Какая там война? Какое рабство народное? Таким ребятам, как Ванька Каин, это все ни к чему. По кабакам да притонам, словно золотая рыбка, он плавал. Было ему о ту пору 22 года, парень вырос смышленым, на лицо пригожим. Чтобы его за господского человека принимали, он брился исправно. Деньги от игры выручая немалые, по старой памяти и воровства прежнего тоже не чурался.
Как-то в Зарядье встретил наставника своей младости – Петра Камчатку; чисто одетый, вор под локтем курицу тащил. Сказал:
– Шастай мне вслед – будет добрый обед…
И перекинул курицу через забор во двор чужой, где богатый закройщик Рекс проживал. И завыл Камчатка, ворота тряся:
– Люди, моя курочка-ряба к вам залетела… Ой, пустите!
Открыли им ворота, воры проникли во двор Рекса, примечая – какие запоры тут, каковы двери, как окна на немецкий манер створятся. Курицу поймали на огороде и ушли.
– А ночью раструску сделаем, – сказал Камчатка. – Колька Жарков да Филька Куняев, Столяр да Жузла с Лягаем будут… ша!
На ночь Москву рогатками перекрывали, стражи дежурили.
– Кто идет? – у прохожих спрашивали.
– Да мы с добром, – отвечали им воры.
– А чего несешь, коли с добром?
– Да вино тащу… Товарыща вот нет, чтобы выпить.
– Ну иди сюды – я тебе товарыщем буду.
Так-то воры свободно через рогатки проходили. А после «раструски» закройщика в Зарядье собрались гулящие вместе. Стали вино пить, из соседней бани девок позвали. Говорили воры о разном.
– Вот я, – сказал Ванька Каин, – я ведь боженьку кажинный день благодарю, что подарил он мне судьбу легкую. Гляди, компанья, до чего погано народец живет. А мы, воры, в довольстве пребываем. Государыня наша Анна Иоанновна, дай ей бог здоровья, по «слову и делу» государеву людей казнит мучительски. А нам с ней незаботно живется… Отчего так? Да потому, что от нас, от воров, она озлобления к властям своим николи не наблюдает.
Умен Ванька! Лягай (пьяный) сказал Жузле (трезвому):
– А вот еще осударь Петра Лексеич был. Я, когда хорошо заживу, парсуну его на стенке повешу, чтобы почитать…
Петр Камчатка (смурной он был) еще винца ему подлил.
– Жуй! – сказал. – А сам себя ты не повесишь?
– На што мне себя вешать? Зеркало – это вот хорошо повесить.

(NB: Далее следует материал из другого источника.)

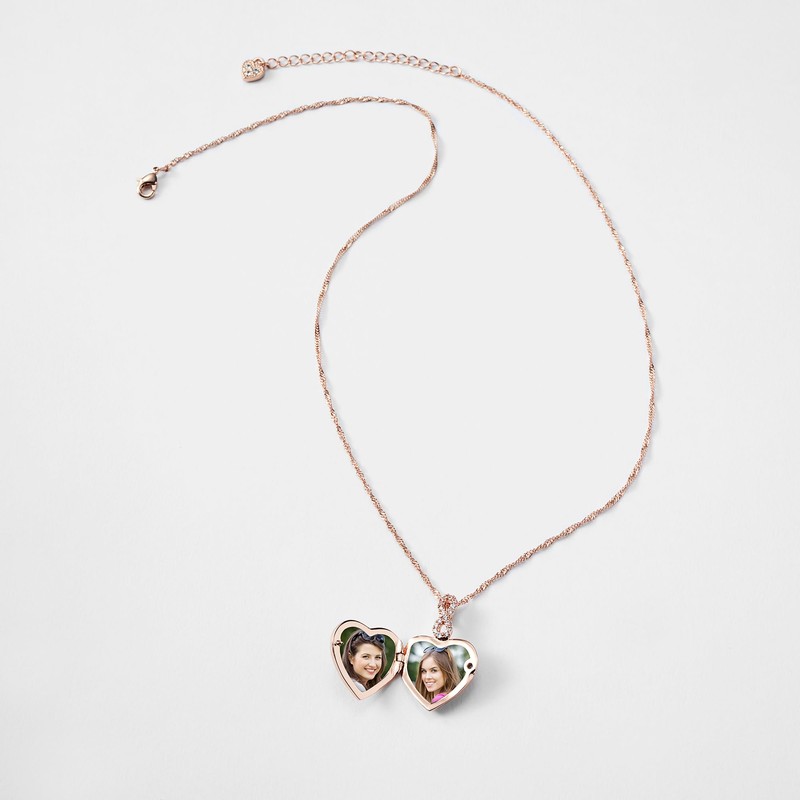 - KEY DETAILS – The heart-shaped locket features a beautiful and modern rose gold-tone finish, which is accented with an infinity bail detailed with cubic zirconia stones. Locket measures 0.75"H x 0.75"W when closed. Clean with a soft cloth.

Кады на осударя погляжу, кады и на себя гляну!
Петр Камчатка стал Ваньку Каина обнимать:
– Устал я от жития воровского. Жену хочу заиметь, чтобы детишки округ меня бегали. Сколь еще мне под мостами ночевать? А ведь у меня, – признался Камчатка, – имя божие есть: я, Смирнов Петр, сын солдата полка Бутырского, ко флоту матросом причислен. Я и паруса шить способен! Честным трудом могу себя содержать…
– Брось, есаул, – отвечал ему Каин. – Жизни не начнешь новой, пока деньгами не разживешься. Давай не грусти, а лучше махнем к Макарию, где ярманка богатуща: награбим вволю…
– Пошли, есаул! Веди нас, – загалдели тут воры, а девы банные, от которых вениками пахло, обнимали их, сильно пьяные.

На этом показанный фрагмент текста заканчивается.